On the Hyperparameter Configuration page, the following parameters are available:
| Parameter | Description |
|---|---|
| Training Type | The fine-tuning method to use (e.g. Parameter-Efficient Fine-Tuning, full fine-tuning) |
| Stop Training When | The condition that ends training (e.g. when epoch count has reached a set number) |
| Learning Rate | Step size during optimization — influences convergence speed and training stability |
| Epochs | Number of complete passes over the entire dataset during training |
| Max Steps | Maximum number of training steps; if set, epochs are ignored |
| Max Context Length | Maximum length of input sequences during training |
| Peft Lora R | LoRA attention dimension (rank) |
| Peft Lora Alpha | Alpha parameter for LoRA scaling |
| Lora Dropout | Dropout probability applied to LoRA layers to reduce overfitting |
| Lora Bias | Specifies which biases are updated during training (none, all, or lora_only) |
| Target Module | Specifies which model layers LoRA is applied to |
Quantization (optional): Reduce GPU memory usage during training. Options include Load in 4Bit and DoubleQuant.

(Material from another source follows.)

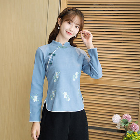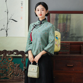 中式盘扣唐装旗袍上衣双层 春秋茶服民国风女装中国风...
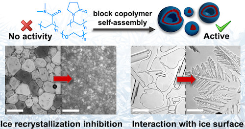 We have a major research interest in how we can develop new materials, inspired by extremophiles, which can bind or modulate ice growth and also macromolecular cryoprotectants to protect cells/proteins from cold damage. A key challenge is that discovering new materials which affect ice growth is challenging (compared to the well known ice binding proteins). In our latest paper we report that polymer nanoparticles, derived from PISA (polymerization-induced self-assembly) had the surprising property of preventing ice recrystallization (growth). What was surprising was that the coronal polymer (water soluble outside parts) alone had no activity, but in the PISA particle format showed a remarkable enhancement, with larger particles being more active than small. One polymer, polyvinylpyrrolidone, appear to bind ice crystals when in particle format, which has not been previously reported. The results are really exciting as these are really very easy to synthesise and a huge range of monomers and particle morphologies can be accessed and will let us explore these properties. We also showed these polymers do not nucleate ice formation, as few materials do. This was important as large assemblies of ice binding proteins have been shown to nucleate ice, but that was not seen here.

Advanced settings (optional): Configure batch size and gradient accumulation steps.
WandB tracking (optional): Enable Weights & Biases (WandB) to monitor training metrics in real time. WandB is a platform for experiment tracking, model visualization, and team collaboration. To enable, add your WandB API key via External Integrations and select it in this step.

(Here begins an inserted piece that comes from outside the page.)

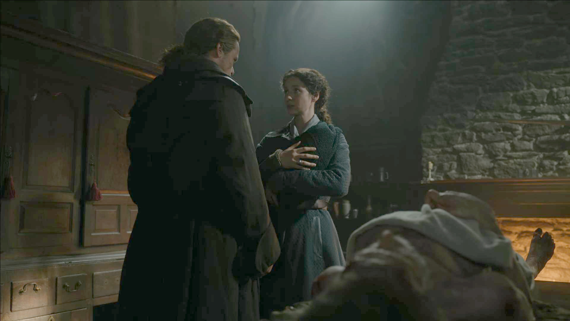 - 60 - Ils sont sur le point de partir. Claire se demande ce qu'ils vont faire de Beardsley. Jamie lui demande de sortir.

Debug Options (optional): Allows you to limit the amount of data used during training and evaluation runs, useful for quick validation before a full run.
Step 6: Review and launch
Review your configuration on the Summary page, then click Launch.
The job appears in the Manage Fine-Tuning Jobs list. Training time depends on model size, dataset size, and GPU plan.
Step 7: Monitor your job
Click on the job to view details:
| Tab | What it shows |
|---|---|
| Overview | Job configuration, status, and resource details |
| Events | Pod scheduling, container start, and lifecycle events |
| Logs | Real-time training logs to diagnose errors or monitor progress |
| Training Metrics | Loss curves and other training metrics |
| Metrics | GPU utilization, GPU memory usage, and other resource metrics |
Step 8: Access your fine-tuned model
When training completes, your fine-tuned model appears in the Models section at the bottom of the job page. The model repository contains:
- All training checkpoints
- Any LoRA adapters built during training
From here, navigate to the Inference section to deploy your fine-tuned model as an API endpoint.